If anything you could complain that those properties shouldn't be boolean - they should be a quantity. A milk shot into a standard coffee isn't going to cost as much as the milk in a latte, which consist 2/3 of milk.

This particular domain model assumes that the cost for each condiment is constant across all beverages - but only the condiments that are used in the preparation of a particular beverage are factored into the cost.
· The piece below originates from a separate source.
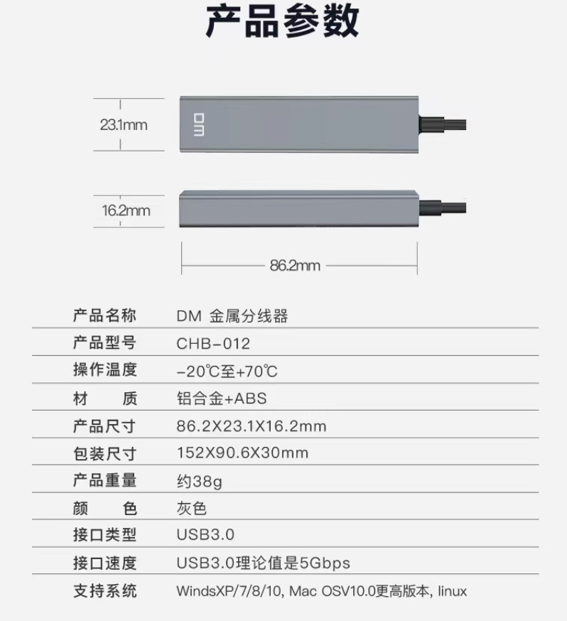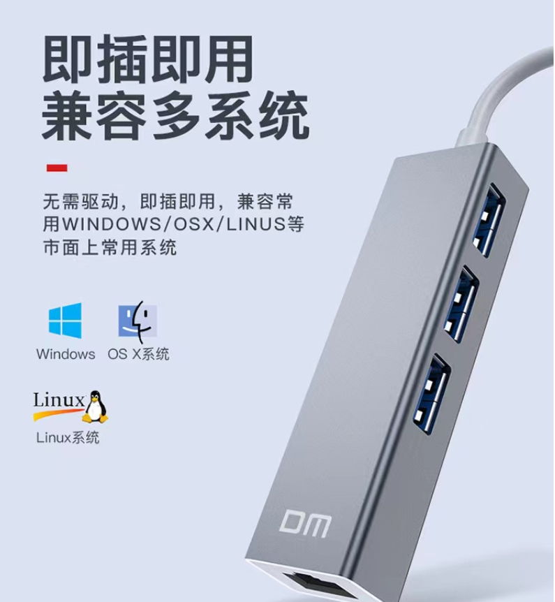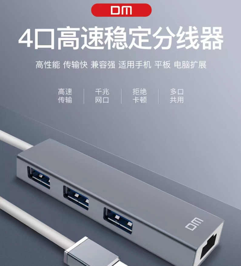 集線器大邁/DM USB轉(zhuǎn)USB3.0*3+千兆網(wǎng)口 集線器CHB012/個

Also where are variables like milkCost,soyCost,mochaCost coming from?



I presume those are private attributes of the Beverage class that represent the cost of each condiment (if it is used in the beverage preparation) - they could even be private constants. To reduce clutter you typically only show public methods and attributes in UML. If you need to show more then you use prefixes: "+" for public, "#" for protected, and "-" for private.

This way only the Beverage class needs to know the cost of all the possible condiments. Meanwhile the subclasses only need to know their own basic cost and which condiments need to be added. - its the Beverage class that calculates the combined cost of those condiments.

Also remember that this has got nothing to do with the decorator pattern. It merely sets the stage to replace this design with decorators.